Now, suppose \(p \equiv 1\) modulo \(4\). Consider the group $$ G = (\mathbb{Z}/ p^{\alpha})^{\times} /\{\pm 1\}. $$ Its order \(|G| = p^{\alpha - 1} (p - 1) / 2\) is even which implies that \(G\) contains at least one element \(g\) of order \(2\). Let \(x\) be in the preimage of \(g\) under the quotient map. The order of \(x\) can only be \(2\) or \(4\). If it were \(2\) then \(x = -1\) which would imply the contradiction \(g=1\). Consequently, \(x\) is of order \(4\) and \(\pm x\) (which are distinct) are two solutions. To see that there are no further elements of order \(4\), suppose \(x\) and \(y\) are of order \(4\). It follows from \(x^2 = y^2 = -1\) that \((x y)^2 = 1\), and hence \(x y = \pm 1\). This implies \(y = \pm x\).
The general case
We are now able to prove the following theorem.
Theorem: The equation \(x^2 = -1\) has a solution in \(\mathbb{Z}/ n\) if and only if \(n\) decomposes as $$ n = 2^{\varepsilon} p_1 \cdots p_r $$ where \(\varepsilon \in \{0, 1\}\) and the \(p_j\) are primes satisfying \(p_j \equiv 1\) modulo \(4\).
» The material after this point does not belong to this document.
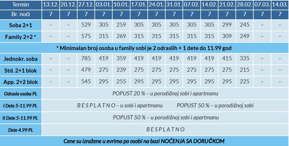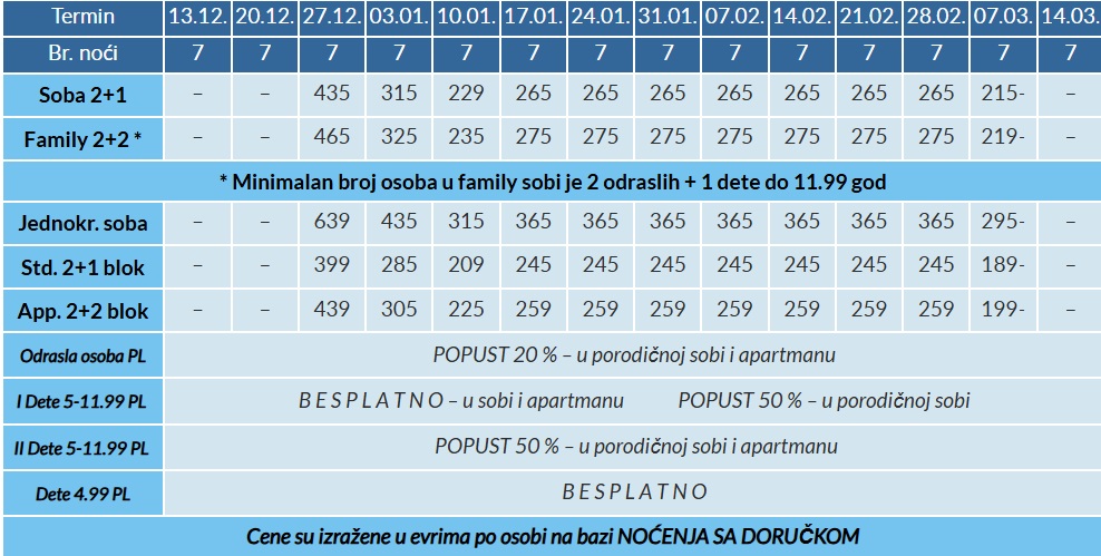 POLAZAK IZ BEOGRADA (NIŠA, NOVOG SADA) – je dan ranije u odnosu na datume iz tabele cenovnika smeštaja.
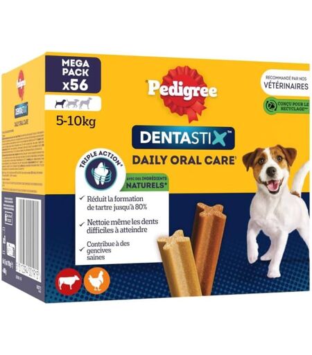 Bâtonnets dentaires pour chien permettant de réduire la formation de tartre jusqu'à 80% et contribuer à des gencives saines (scientifiquement prouvé)Texture légèrement abrasive et forme en ""X"" unique pour atteindre même les dents les plus difficiles d'accèsVéritables gourmandises pour chien pouvant servir de récompenses, faibles en matières grasses, sans sucres ajoutés, sans colorant ni arôme artificielsConditionnés en sachets pratiques pour une utilisation quotidienne (1 Dentastix / jour), Non adaptés aux chiots de moins de 4 moisContenu de la livraison 56 x Bâtonnets à Mâcher PEDIGREE DENTASTIX, 8 Sachets de 7, Saveur Poulet et B?uf Expédié depuis la France et arrive sous 7 jours. ...

In this case, there are exactly \(2^s\) solutions where \(s\) is the number of distinct primes among the \(p_j\).
Proof: This is an immediate consequence of our previous discussion, and the Chinese Remainder Theorem. If \(n = n_1 n_2\) for relatively prime \(n_1\) and \(n_2\), then n divides \(x^2 + 1\) if and only if both \(n_1\) and \(n_2\) divide \(x^2 + 1\). We conclude that \(n\) is of the claimed form in order for a solution of \(x^2 = -1\) to exist.
On the other hand, given that \(n = 2^{\varepsilon} p_1^{\alpha_1} \cdots p_s^{\alpha_s}\) for distinct primes \(p_j\) such that \(p_j \equiv 1\) modulo \(4\), we find exactly two solutions for each of the \(s\) equations $$ x^2 \equiv -1 \hspace{1em} \operatorname{mod} p_j^{\alpha_j} . $$ Using the isomorphism given by the Chinese Remainder Theorem, these combine to exactly \(2^s\) solutions of \(x^2 \equiv -1\) modulo \(n\).